Quando comecei a assistir “Flordelis – Questiona ou Adora” na Globoplay eu pouco sabia sobre a história da cantora. De cara não entendi o título, estranhei “Questiona ou Adora”. Soube no penúltimo episódio que era uma frase que ela falava e depois, graças ao Google, descobri que era o título de uma música dela. Esta é só uma prova de como a obra funciona melhor para iniciados, um erro, pois todo filme ou série deve se sustentar em si mesmo.

As primeiras vezes que eu vi Flordelis foram em programas da Rede Globo, então é perfeito ver um documentário sobre a queda da pastora justamente na Globoplay. Minha impressão sobre ela não foi boa logo de cara. “Mais Você”, “Amor e Sexo” e tantas outras atrações contavam com a família da ex-deputada contando sua história. O programa de Fernanda Lima pregava a diversidade de famílias, enquanto isso Flordelis e Anderson aproveitaram a oportunidade para destacar que a família deles era “tradicional”, mesmo com tantos “filhos”.

Um dos assuntos pouco destacados no documentário é o fato de Anderson – o pastor assassinado – ter sido um dos “filhos” de Flordelis antes de ser seu marido.

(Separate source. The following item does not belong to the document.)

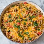 A flavorful and easy Taco Spaghetti recipe that combines the zest of taco seasoning with the comfort of spaghetti for a quick weeknight dinner. Ground beef is browned with onions, then simmered with Rotel tomatoes, spaghetti noodles, and seasonings, finished with melted cheddar cheese and fresh cilantro for a delicious fusion dish.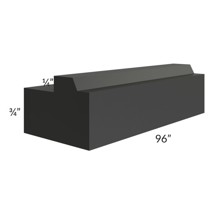 Light rail molding, overall depth is 1-1/2", the flat part that will install under the wall cabinets is 3/4" deep. The lip that will extend over the front of the wall cabinet is 1/4" high.

Como ficou famoso na internet ele foi “filho”, marido e genro, por ter namorado uma das “filhas” da pastora-cantora. Isso passa batido, assim o fato de que seriam 56 “filhos” e não 55, afinal o pastor Anderson era uma das crianças originalmente acolhidas.

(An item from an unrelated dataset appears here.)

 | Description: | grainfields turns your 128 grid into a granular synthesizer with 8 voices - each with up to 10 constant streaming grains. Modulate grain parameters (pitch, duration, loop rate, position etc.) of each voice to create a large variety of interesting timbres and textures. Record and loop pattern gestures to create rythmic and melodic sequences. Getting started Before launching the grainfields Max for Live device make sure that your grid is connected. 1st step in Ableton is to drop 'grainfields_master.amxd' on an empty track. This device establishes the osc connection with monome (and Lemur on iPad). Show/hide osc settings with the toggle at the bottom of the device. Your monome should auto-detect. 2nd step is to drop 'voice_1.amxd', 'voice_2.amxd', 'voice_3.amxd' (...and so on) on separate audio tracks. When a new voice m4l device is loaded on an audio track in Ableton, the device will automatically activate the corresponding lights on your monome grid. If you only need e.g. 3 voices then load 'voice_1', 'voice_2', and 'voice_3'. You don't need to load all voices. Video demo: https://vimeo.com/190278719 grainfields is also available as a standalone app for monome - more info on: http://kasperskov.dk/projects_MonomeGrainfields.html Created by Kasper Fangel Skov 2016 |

O que fica claro com o documentário, mas novamente é algo raso no aprofundamento, é que era uma grande mentira os 55 (ou 56) “filhos”. Muitos eram na prática crianças abrigadas na casa de Flordelis e não “filhos” da ex-deputada. Por isso uso a palavra “filhos” entre aspas. Pelo que deu para entender ela tinha três (ou quatro?) filhos biológicos e mais alguns poucos filhos que foram legalmente adotados. Pela lei os filhos de uma pessoa são os que estão registrados em nome dela, seja pelo vinculo biológico ou pela adoção, poucos foram legalmente adotados e possuem esta ligação legal, a maioria era “filho afetivo”, ou seja, ela tinha um grande abrigo de jovens.

Este ponto poderia e deveria ser mais abordado. Flordelis passaria nas longas e exigentes entrevistas de um processo de adoção? Qual o motivo da justiça tolerar ela ter tantas crianças sem o devido amparo legal de mãe adotiva? Por que estas crianças não iam para o sistema de adoção para ter pais de forma oficial, pais estes que passaram pelo rigoroso processo de adoção na justiça e estão esperando em uma fila? Explico: a maioria dos “filhos afetivos” chegaram na casa dela crianças e sem aparente problema grave de saúde. Jovens com estas características não costumam ficar muito tempo na fila de adoção e conseguem um lar em um tempo mais curto do que adolescentes com 12 anos ou mais.

Positivamente tem alguns momentos bons no documentário. A parte em que o livro lançado sobre Flordelis é lido por algumas pessoas que estiveram na vida da pastora é impagável. Excelente assistir todos incrédulos com o que tinha sido escrito, deixando claro que era tudo uma grande farsa. Espetacular ainda o destaque para a estreita e complicada relação entre política e religião a partir do momento em que um “filho” é eleito vereador e a própria Flordelis é eleita deputada federal. Mas poderia ir além. Uma oportunidade perdida.